1. A many-core distributed shared SPM implementation method based on RMA is characterized by comprising the following steps:

2. The method for realizing RMA-based many-core distributed shared SPM according to claim 1, wherein: the language-level shared SPM space description method is characterized in that distributed shared SPM keywords are added and used for describing distributed shared SPM variables or data, and the _ distributed shared SPM keywords are used before variable declaration.

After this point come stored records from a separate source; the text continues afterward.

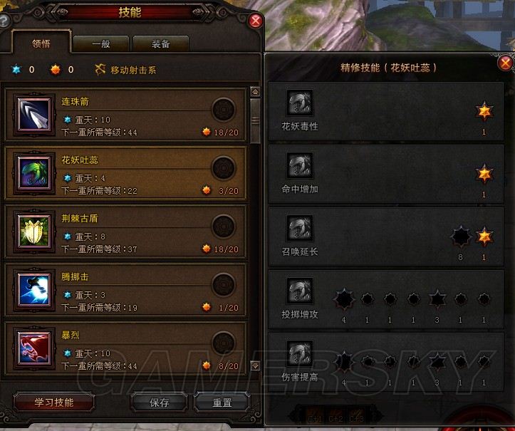 首先就是連珠箭,對於移動玉狐來說,在輸出期間,至少有一半以上的時間實在用連珠箭,理論上上來說到了45級是可以點到11級的連珠的,但是我只點了10點,應為10和11差距不是很大,我更願意吧這一點給最後的45級大招射天凰。很多人說為什麼不把靈巧射擊精修滿,反而點了連射增攻?我是根據實驗得出的。。打boss的時候除了連珠,就是射天凰,其他主動攻擊技能基本用不到,所以呢靈巧攻擊的減cd也就是為了射天凰服務的,但是,射天凰的cd是60秒,也就是說就算我們每2次攻擊一次減1秒cd(滿級靈巧是45%),假設我們是每秒射出2箭,好了,這樣至少要15秒,也就是說我們共射出了30劍,到了這裡你們就知道了,疾風效果來了,直接冷卻了所有射擊系技能,所以我只能說靈巧攻擊鷄肋了。這里加兩點只為了加點攻擊力。。
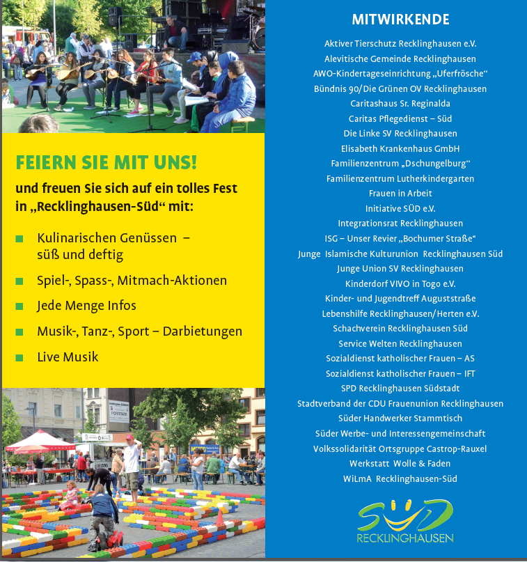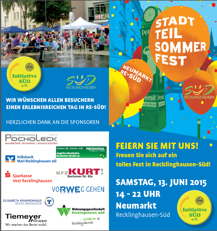 Endlich ist es wieder soweit….und wir sind mittendrin. Das Stadtteilsommerfest steht vor der Tür und die „Initiative Süd e.V.“ hat weder Kosten noch Mühen gescheut, um ein abwechslungsreiches Programm auf die Beine zu stellen.
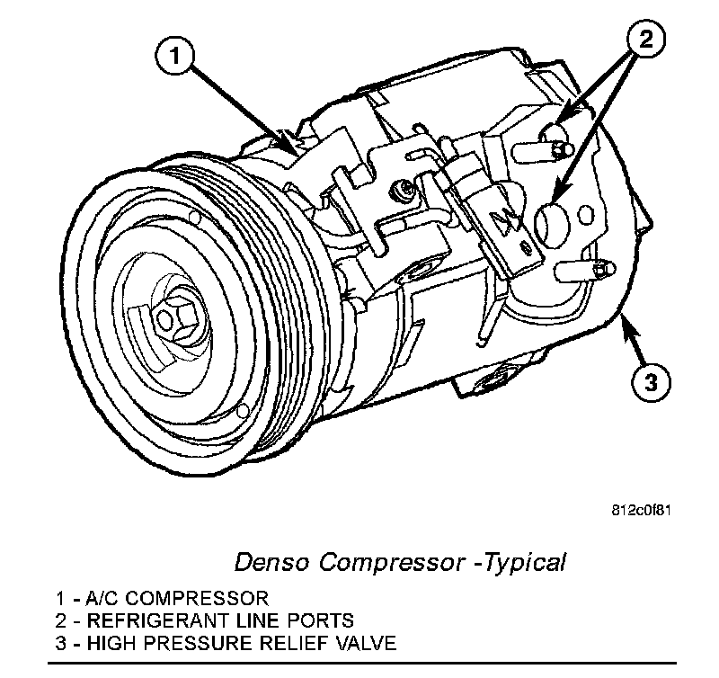 A high pressure relief valve is located on the rear of the A/C compressor. This mechanical valve is designed to vent refrigerant from the A/C system to protect against damage to the compressor and other restriction or an overcharge of refrigerant.

3. The method for realizing RMA-based many-core distributed shared SPM according to claim 1, wherein: the compiler converts access to shared SPM data in the program into RMA messages and generates corresponding efficient RMA operations based on the access characteristics, which includes the steps of,

4. The method for realizing RMA-based many-core distributed shared SPM according to claim 3, wherein: the access characteristic of the shared SPM data is continuous access, and batch RMA operation is generated; or the access characteristic of the shared SPM data is a plurality of discrete accesses, and the RMA operation is generated after packaging.

5. The method for realizing RMA-based many-core distributed shared SPM according to claim 3, wherein: the shared SPM data stored in the calculation core directly uses the access instruction; or stored in other remote computing core to generate corresponding RMA operation.

6. The method for realizing RMA-based many-core distributed shared SPM according to claim 1, wherein: the runtime provides efficient RMA support, encapsulates the underlying RMA mechanism in the runtime library, provides an RMA operation interface, and implements anomaly checking of RMA message source address, destination address, message length, and transmission mode parameters.

7. The method for realizing RMA-based many-core distributed shared SPM according to claim 6, wherein: the RMA operation interface comprises a single-side, double-side and set-based operation interface.